Sometimes recurring dreams can also indicate biological sources. “People with sleep apnea will report dreams of drowning, suffocation, giant waves, gasping for air, underwater, or being suffocated,” Dimitriu said, when they actually experience breathing interruptions. due to their condition.

There can also be environmental triggers, like a car alarm on the street or a dripping faucet, he added, which can trigger dreams with images of those things.

Once you have a better idea of ​​your worries, writing about them before bed can be helpful in easing negative recurring dreams and stress in general.

“For my patients and I, journaling is such a powerful tool,” Dimitriu said. Meditation might also help.

When you know what fear is behind your dream, Dimitriu recommends dealing with it through a three-column method used in cognitive behavioral therapy: What is your automatic thought? What is your automatic feeling? Finally, what is the most reality-based alternative thought?

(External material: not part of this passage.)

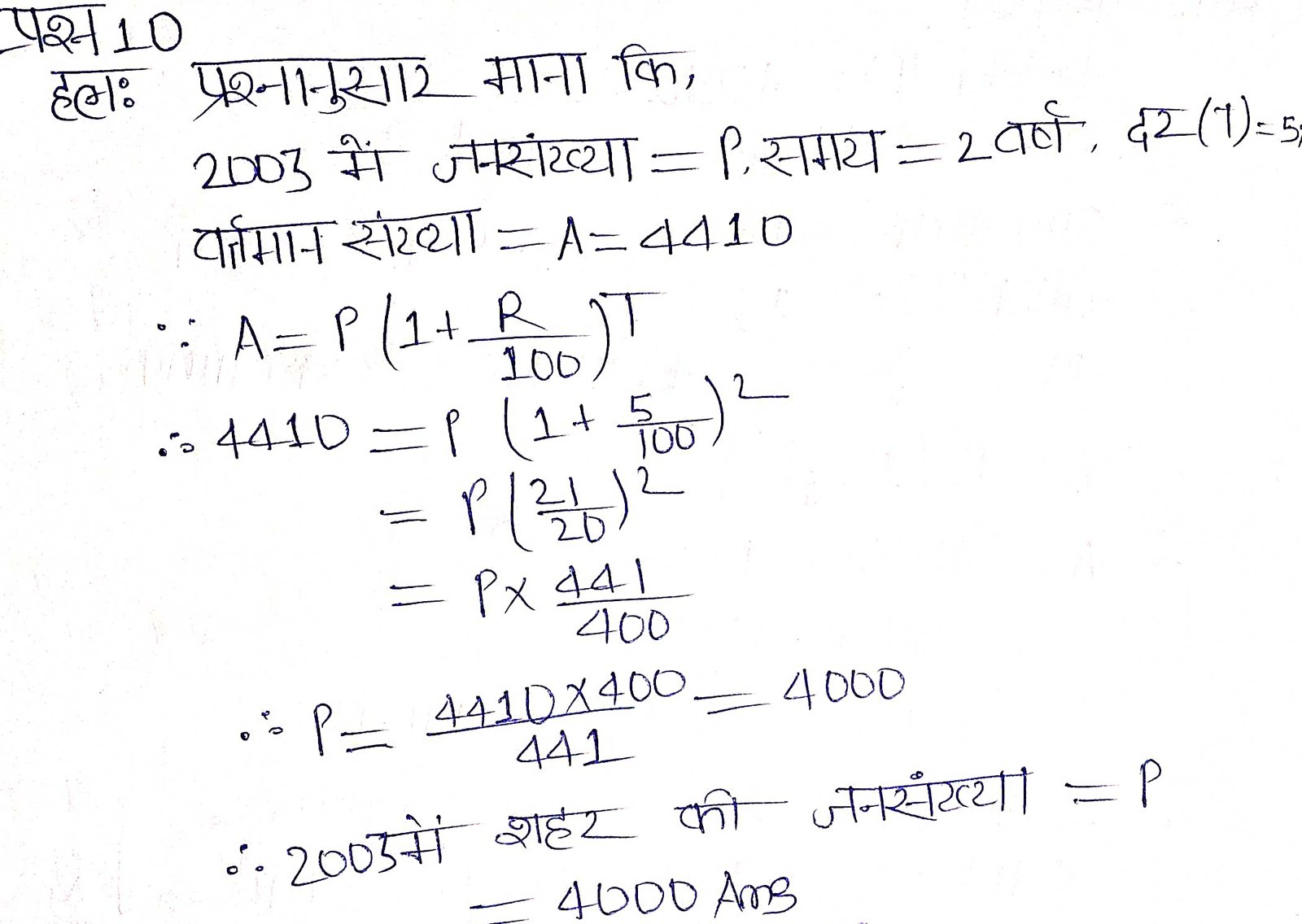प्रश्न 10. 5 प्रतिशत वार्षिक दर से बढ़ते हुए वर्ष 2005 के अंत में एक शहर की जनसंख्या 44.10 हो गई। बताइए वर्ष 2003 में इस शहर की जनसंख्या कितनी थी?
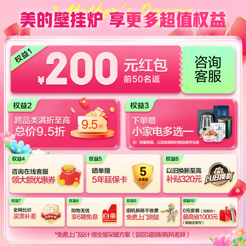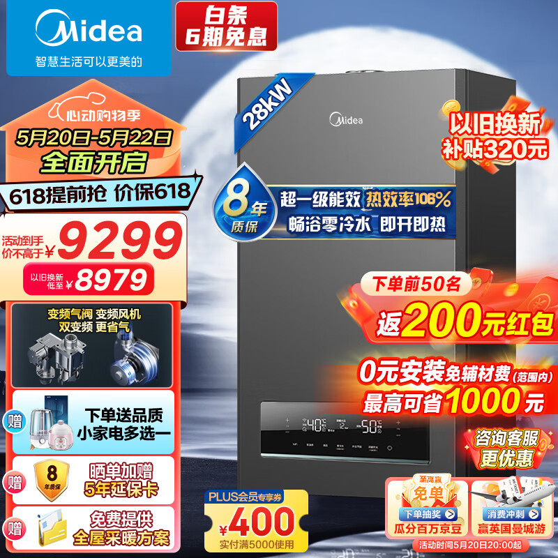 美的(Midea)双变频省气 一级能效 冷凝式增压零冷水燃气壁挂炉 天然气供暖 地暖采暖锅炉 LL1PBD28-R53 PRO价格:9799.00元!

Dream rehearsal therapy, also known as image rehearsal therapy, can be effective for both recurring dreams and nightmares. This approach consists of writing out the narrative elements of the dream in detail, then rewriting it so that it ends positively. Just before falling asleep, you set the intention to re-dream by saying aloud, “If or when I have the beginning of the same bad dream, I may instead have this much better dream with a positive outcome. ”

If your recurring dreams are making you feel stressed or unhappy, causing other symptoms, or starting to impair your ability to function regularly, it’s time to seek professional help, experts say.

The recurring dreams could also stem from poor sleep hygiene, Soffer-Dudek said.

“A lot of embarrassing things happen at night when people are sleep deprived, drink caffeine too late, drink alcohol too late, worked too late, or slept four hours last night because they got up. too late,” he said. “The fundamental core and foundation of a healthy dream life begins with healthy sleep.”

Dimitriu also recommended limiting distractions that interfere with your thinking and processing time, such as spending unnecessary time on your phone or always filling in the silence.

When your mind is always busy, “what happens is that all this processing has to happen somewhere,” he said. “So now there’s more pressure for this to happen in your dream life.”